🤖 AI Summary
Existing model repositories lack effective retrieval mechanisms, relying solely on text-based search, which impedes concept-level matching (e.g., “dog”) due to semantic misalignment between natural language queries and model internals. Method: This paper proposes a zero-shot classification model retrieval method that requires neither model metadata nor training data. It extracts semantic descriptors from the logit layer of each model using fixed probe inputs, enabling direct alignment of human-understandable concepts to logit-space representations and similarity measurement therein. Contribution/Results: We introduce a novel logit-level probing representation paradigm and a collaborative filtering acceleration strategy, reducing large-scale model encoding overhead by 3×. Our approach achieves high retrieval accuracy on both real-world model repositories and fine-grained downstream tasks, and scales effectively to comprehensive public model warehouses.
📝 Abstract
With the increasing numbers of publicly available models, there are probably pretrained, online models for most tasks users require. However, current model search methods are rudimentary, essentially a text-based search in the documentation, thus users cannot find the relevant models. This paper presents ProbeLog, a method for retrieving classification models that can recognize a target concept, such as"Dog", without access to model metadata or training data. Differently from previous probing methods, ProbeLog computes a descriptor for each output dimension (logit) of each model, by observing its responses on a fixed set of inputs (probes).

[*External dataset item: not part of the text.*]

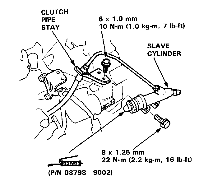 18. Install the slave cylinder, then install the clutch pipe stay.

Our method supports both logit-based retrieval ("find more logits like this") and zero-shot, text-based retrieval ("find all logits corresponding to dogs"). As probing-based representations require multiple costly feedforward passes through the model, we develop a method, based on collaborative filtering, that reduces the cost of encoding repositories by 3x. We demonstrate that ProbeLog achieves high retrieval accuracy, both in real-world and fine-grained search tasks and is scalable to full-size repositories.